GIVEN INFORMATION -
╔══

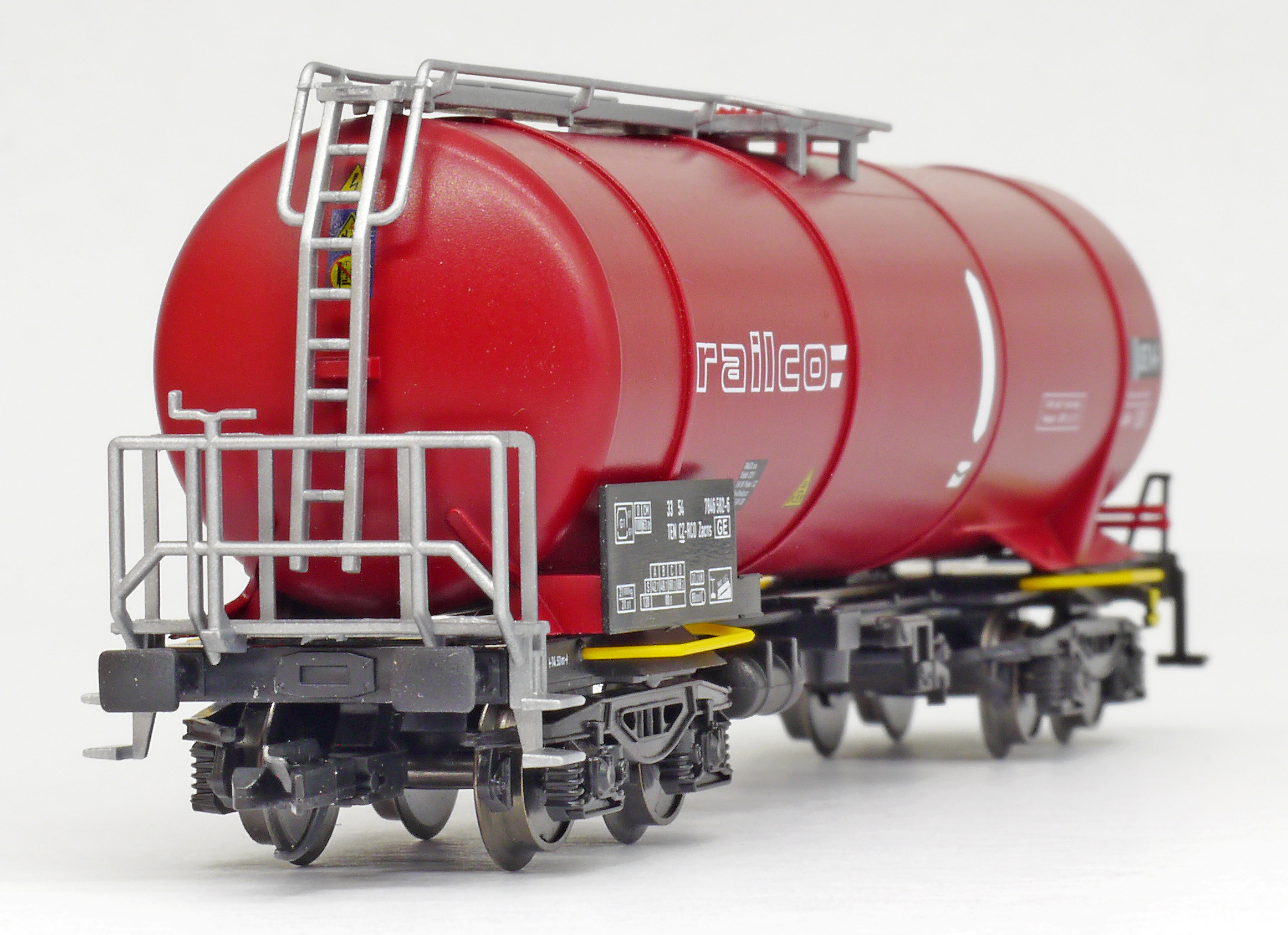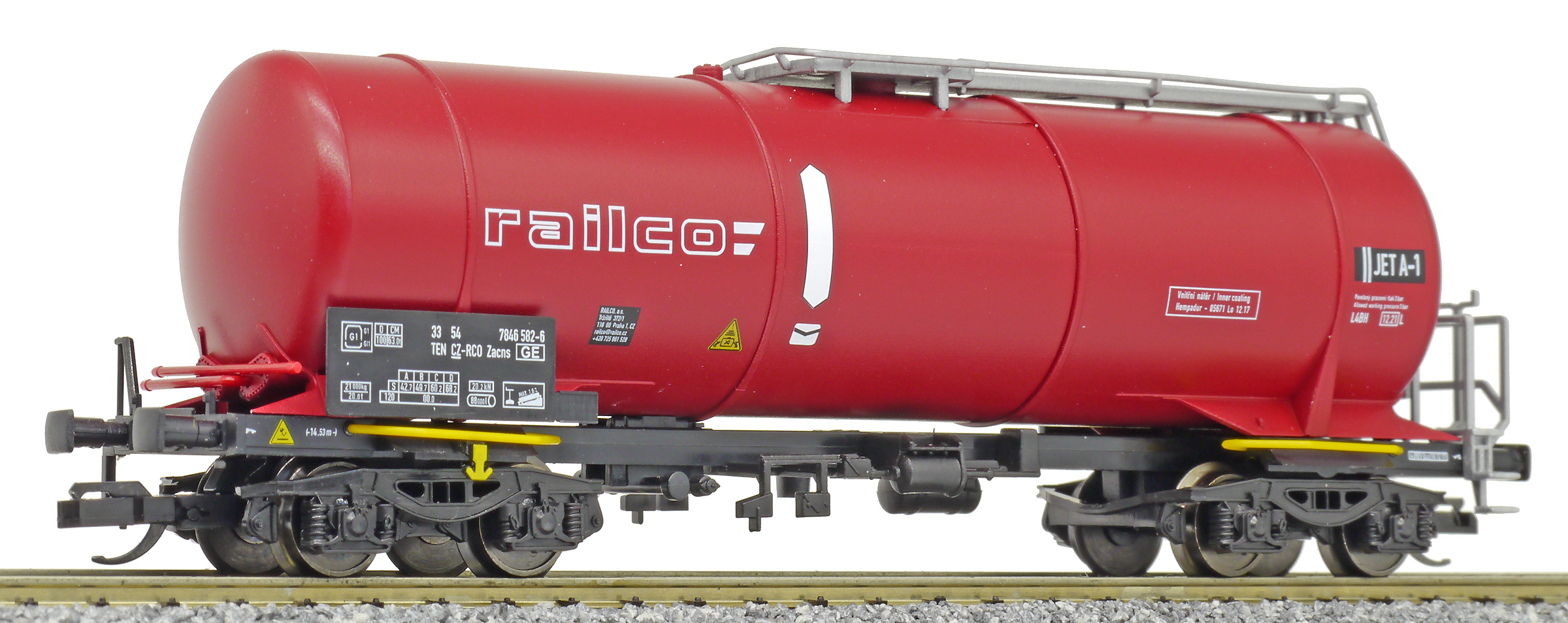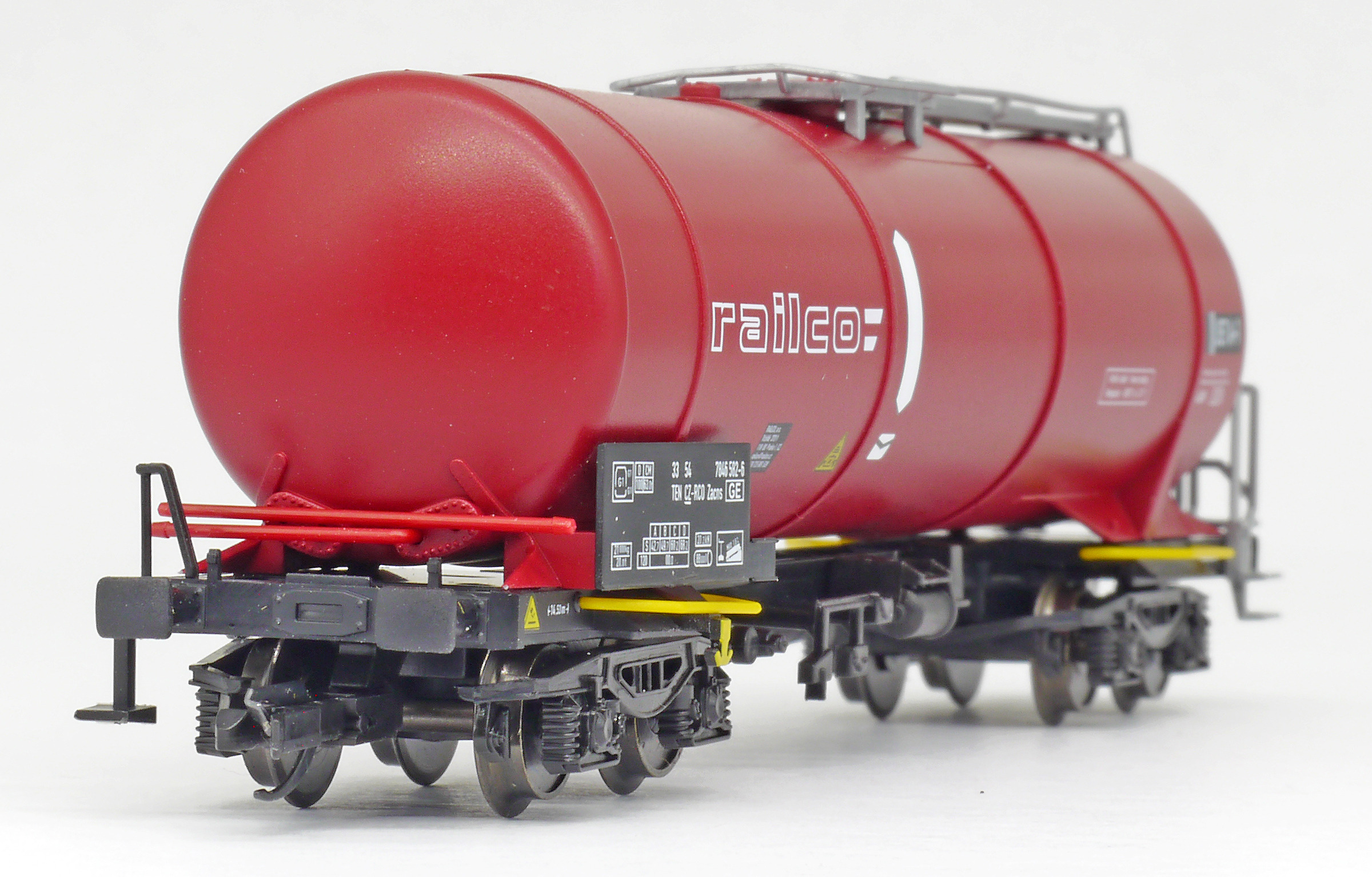 | kotlový vůz tmavě červený s bílými pásy a logem „railco“ |
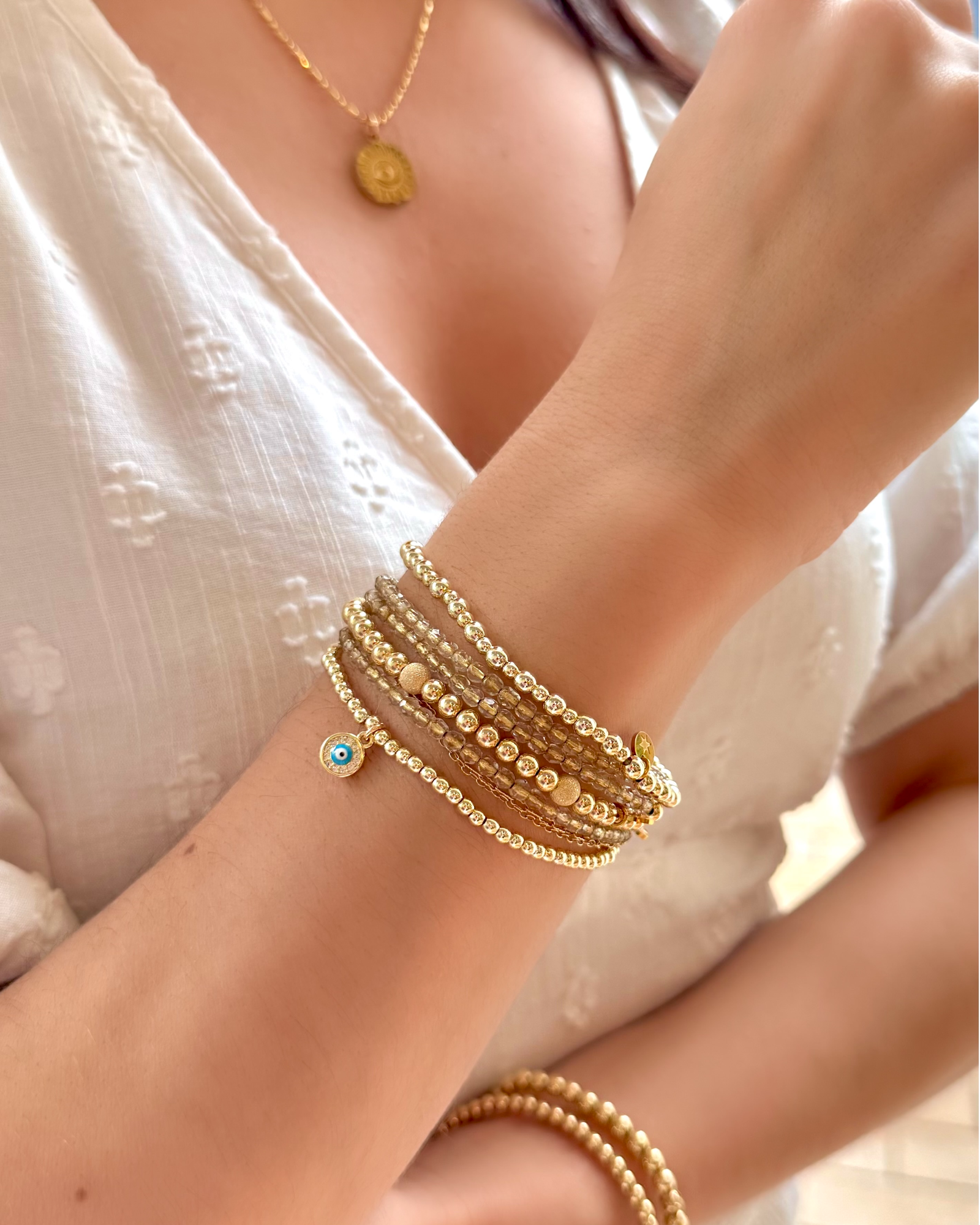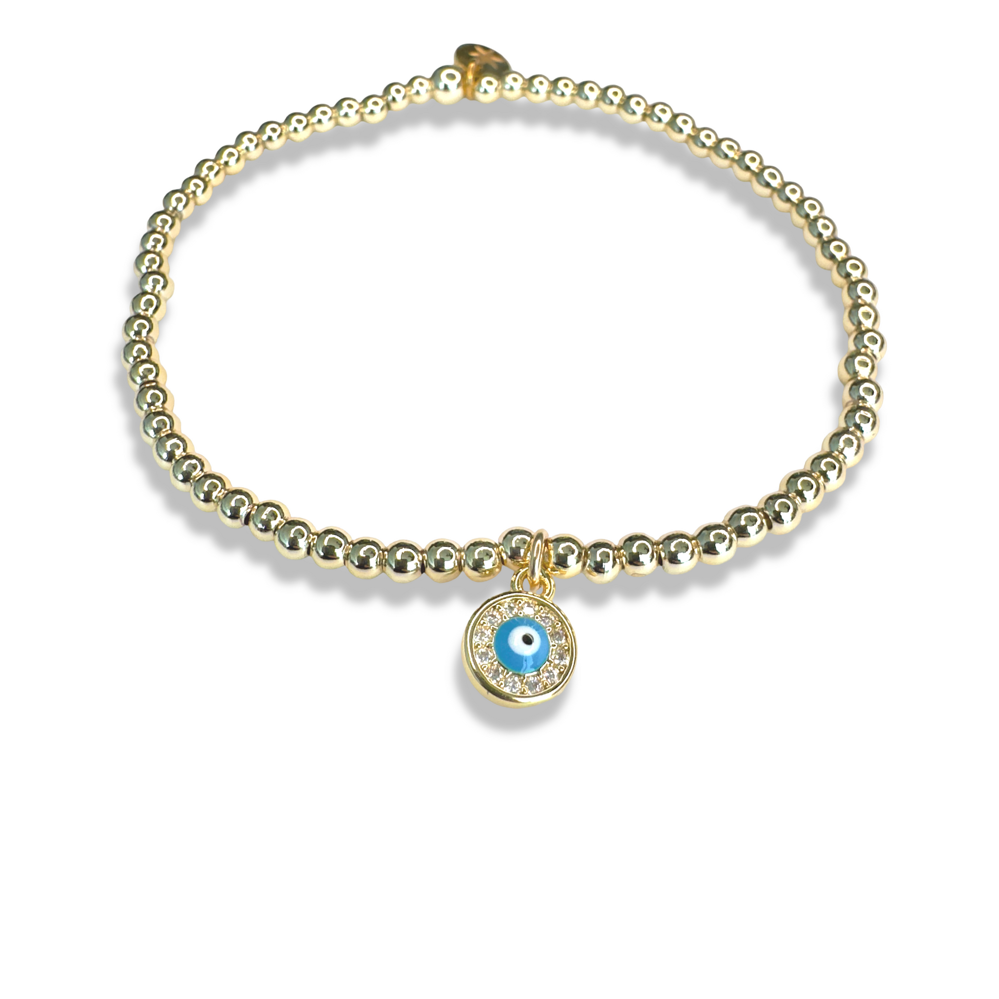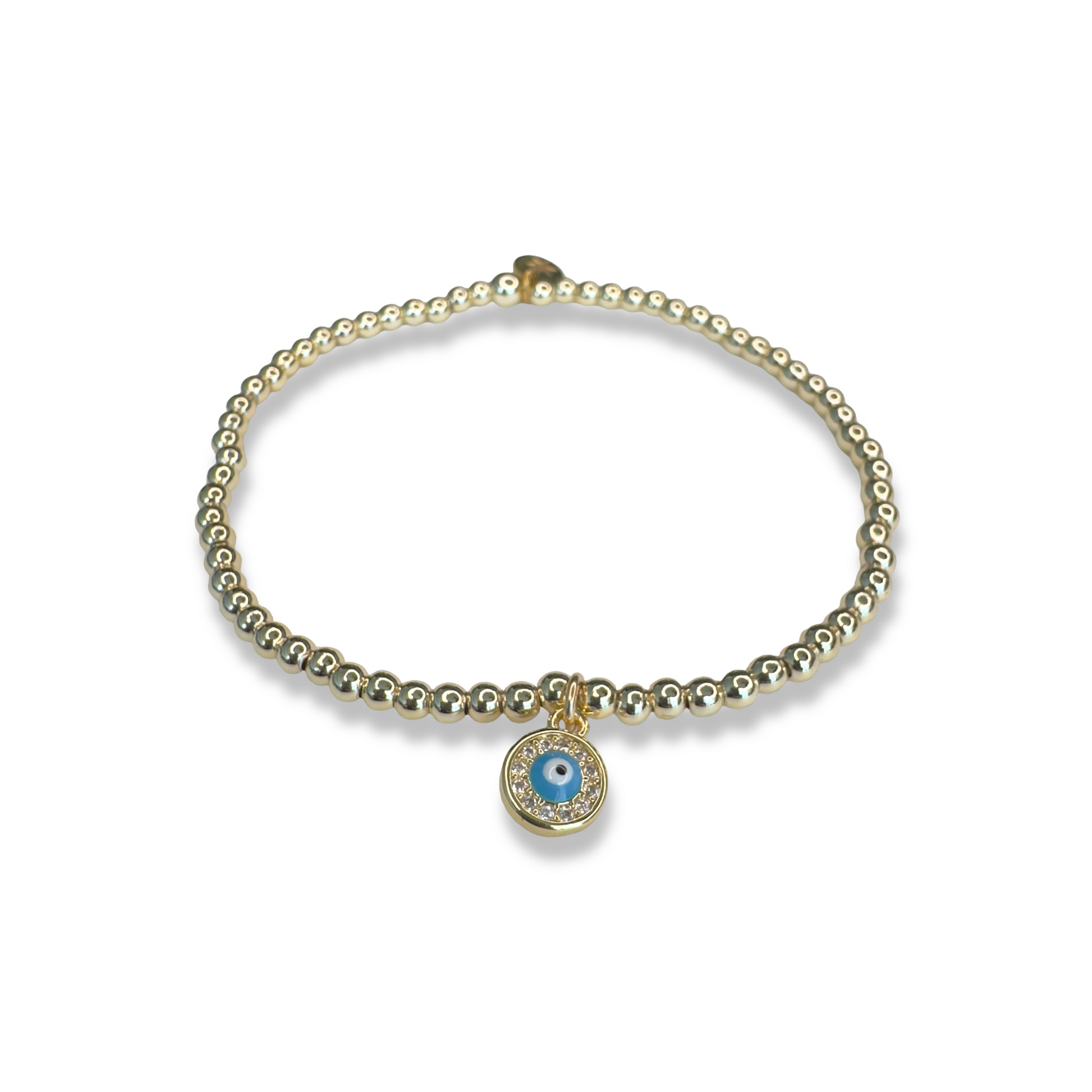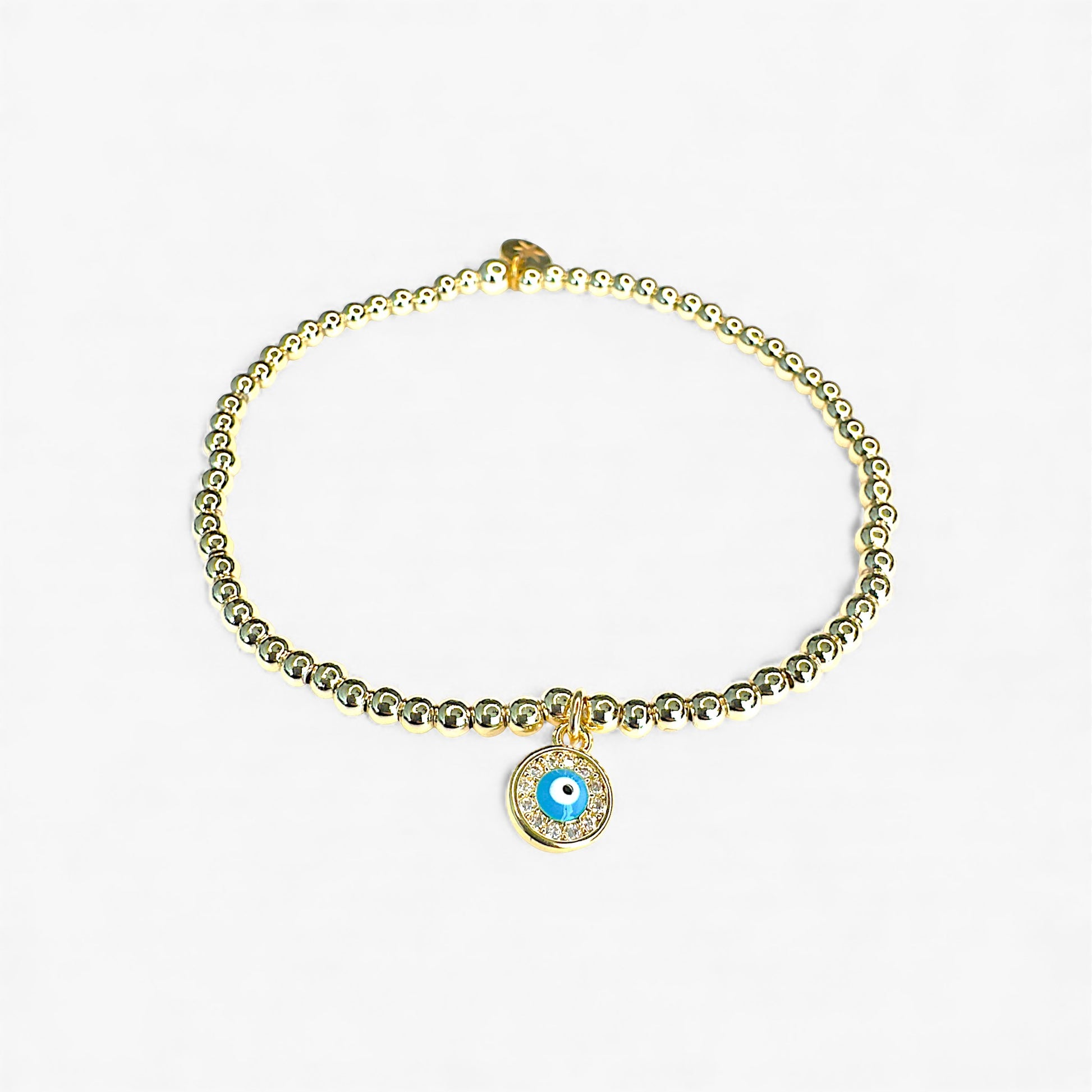 3mm gold plated beaded bracelet with a delicate CZ micro pave evil eye charm
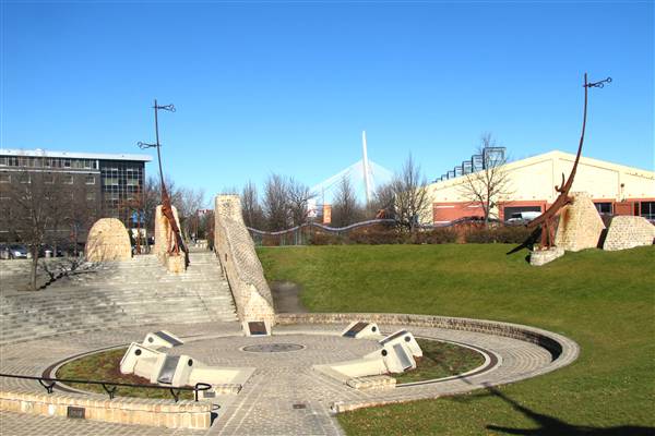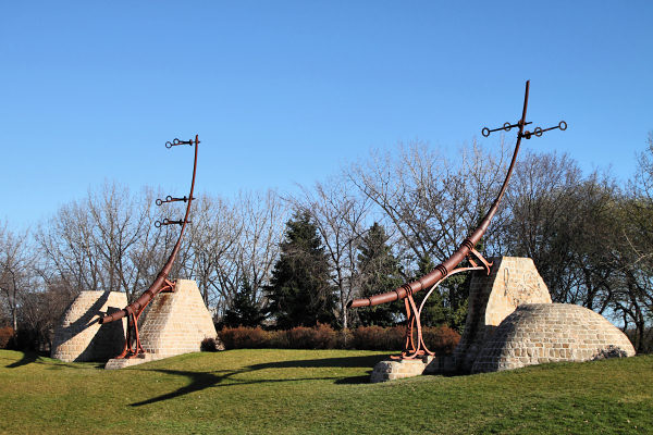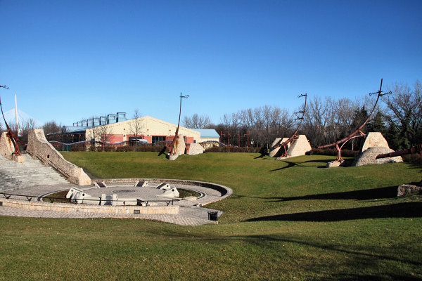 ![]() Oodena Celebration Circle Sculpture The sculptures are embedded into cobblestone formations which are inscribed with pan-cultural legends in conjunction with the constellations. The sculptures armatures act as guideposts for celestial positioning, some which display objects relating to the elements, the sun and the stars. |

╚══

TASK DESCRIPTION - Starting where a line contains "3mm gold plated" and finishing at the last line above, set down every line exactly as it reads, with no pictures.

RESPONSE -
 3mm gold plated beaded bracelet with a delicate CZ micro pave evil eye charm
 ![]() Oodena Celebration Circle Sculpture The sculptures are embedded into cobblestone formations which are inscribed with pan-cultural legends in conjunction with the constellations. The sculptures armatures act as guideposts for celestial positioning, some which display objects relating to the elements, the sun and the stars. |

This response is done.